# I stood up for myself



## AFoundLady (Feb 8, 2013)

You read that right! First time I am writing those words, words I never imagined I would ever pen down. There is this girl from class who hates me with the most bitter of hatred. She hates me and has done everything she could to ruin me. She has spoiled my reputation by gossiping about me and I am not going to go down too much into the whole story. This is the girl who bullied me, made me break down and this is the same girl to whom I finally, finally defended myself and yelled at. Like finally. She tried to embarrass and ruin me today. She almost cost me my grade but I stood up for myself, yelled back at her for the first time and put her in her own ****ing place and i did my job well and yeah. It feels good. I dont know where this courage came from but its good when I finally don't cry over her but instead can smile knowing how far I have and I can depend on myself now


----------



## Kevin001 (Jan 2, 2015)

Hmm congrats, proud moment.


----------



## jengem (Feb 6, 2017)

That's awesome! good for you for standing up to her!


----------



## AFoundLady (Feb 8, 2013)

Thank you guys


----------



## littleghost (Oct 29, 2016)

Good for you!!


----------



## marsia (Mar 22, 2016)

So cool you put a bully in her place and stood up for what is right and defended yourself! I usually quietly get back at people behind the scenes, because standing up for myself triggers so much anxiety, so I really admire you for doing that! Keep exercising your courage muscle!!! It's really inspiring hearing what you did!


----------



## ljubo (Jul 26, 2015)

You handled this like a true alpha-female .

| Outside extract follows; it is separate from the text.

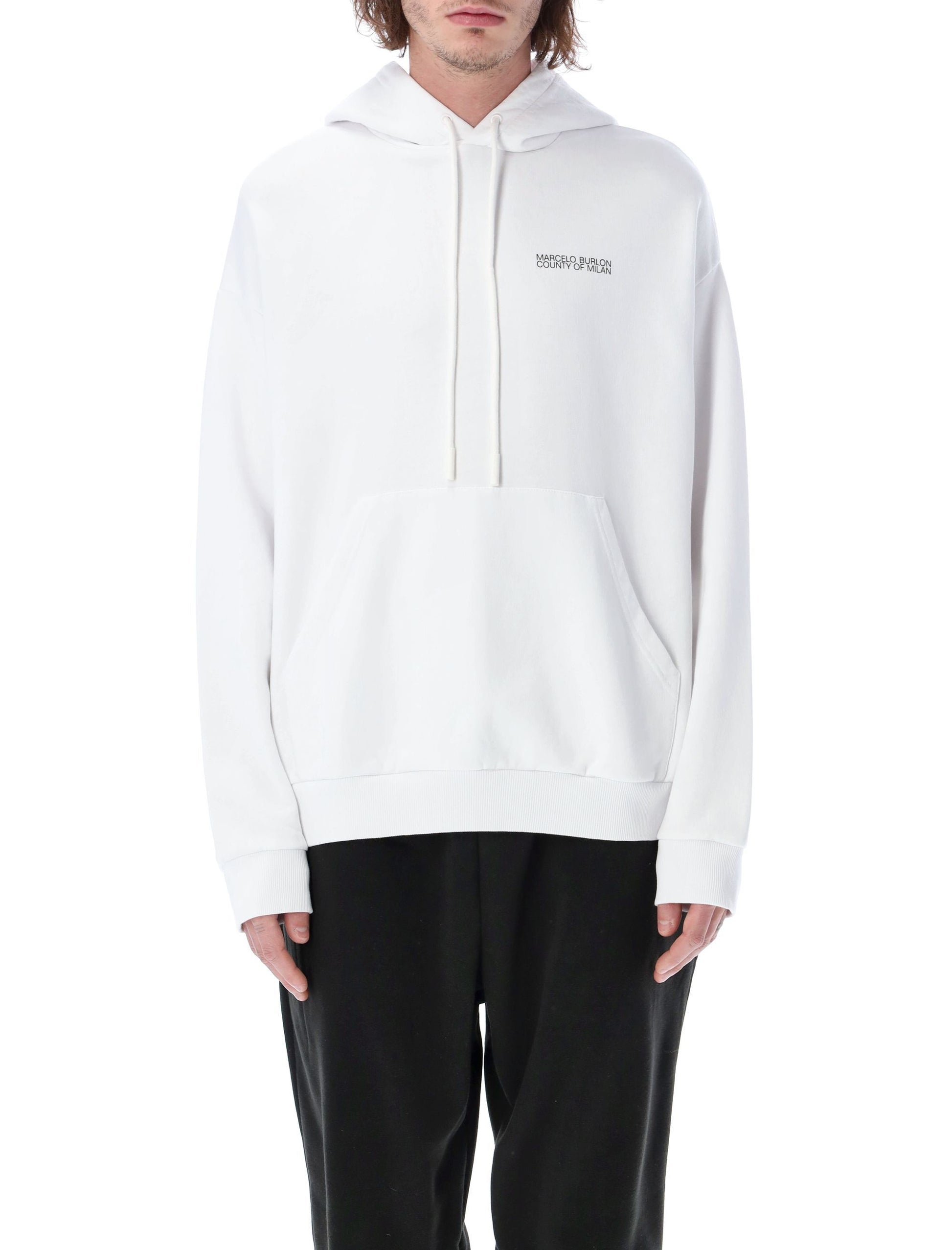 Dettagli: Cotton Tempera Cross Over hoodie by Marcelo Burlon County Of Milan. Featuring: Drawstring hood Logo printed at chest Long sleeves Dropped shoulders Kangaroo pocket Black Tempera Cross printed at back Rib trims Relaxed fit The model is 1

But do not get arrogant . Many go from yelling to smacking people . Do not cross that line .


----------



## kesker (Mar 29, 2011)

:yay :yay :yay :yay


----------



## Were (Oct 16, 2006)




----------



## The Library of Emma (Mar 3, 2016)

good for you!


----------



## ZombieIcecream (Nov 30, 2014)

That's great ! I know standing up for yourself wasn't easy, but it becomes gradually easier as you come in contact with other annoying people in life, I promise lol. Unfortunately people like this lurk in professional settings as well. You'll never be able to control their behaviour - but you can control how you respond to it. No matter how irritating they are - don't stoop to their level, be the bigger person. You might never uncover the reason for why you were targeted - but it's not worth pouring your energy into attempting to understand. Instead use that energy to be more productive. Every bully is different. You may encounter some who will really try to make your life a living hell - and you may some who will eventually back off when they realize they cannot get a response out of you. Regardless of which batch your dealing with, get a higher authority involved, document everything and maybe try confronting that person.


----------



## Kilgore Trout (Aug 10, 2014)

That's awesome :banana :banana
That ***** really needed that.

I'm so proud


----------



## farfegnugen (Aug 16, 2010)

Impressive!


----------



## Mitko (May 3, 2012)

Awesome! So proud of you. Wish I could go back in time and stand up to my highschool bully.


----------



## vexdan (Aug 8, 2012)

demon queen said:


> You read that right! First time I am writing those words, words I never imagined I would ever pen down. There is this girl from class who hates me with the most bitter of hatred. She hates me and has done everything she could to ruin me. She has spoiled my reputation by gossiping about me and I am not going to go down too much into the whole story. This is the girl who bullied me, made me break down and this is the same girl to whom I finally, finally defended myself and yelled at. Like finally. She tried to embarrass and ruin me today. She almost cost me my grade but I stood up for myself, yelled back at her for the first time and put her in her own ****ing place and i did my job well and yeah. It feels good. I dont know where this courage came from but its good when I finally don't cry over her but instead can smile knowing how far I have and I can depend on myself now


F*** yes! Sending you so much praise right now. Continue on being your courageous self :clap


----------



## crybaby97 (Jan 14, 2017)

Congrats! Jerks that like deserve to be put in their place.


----------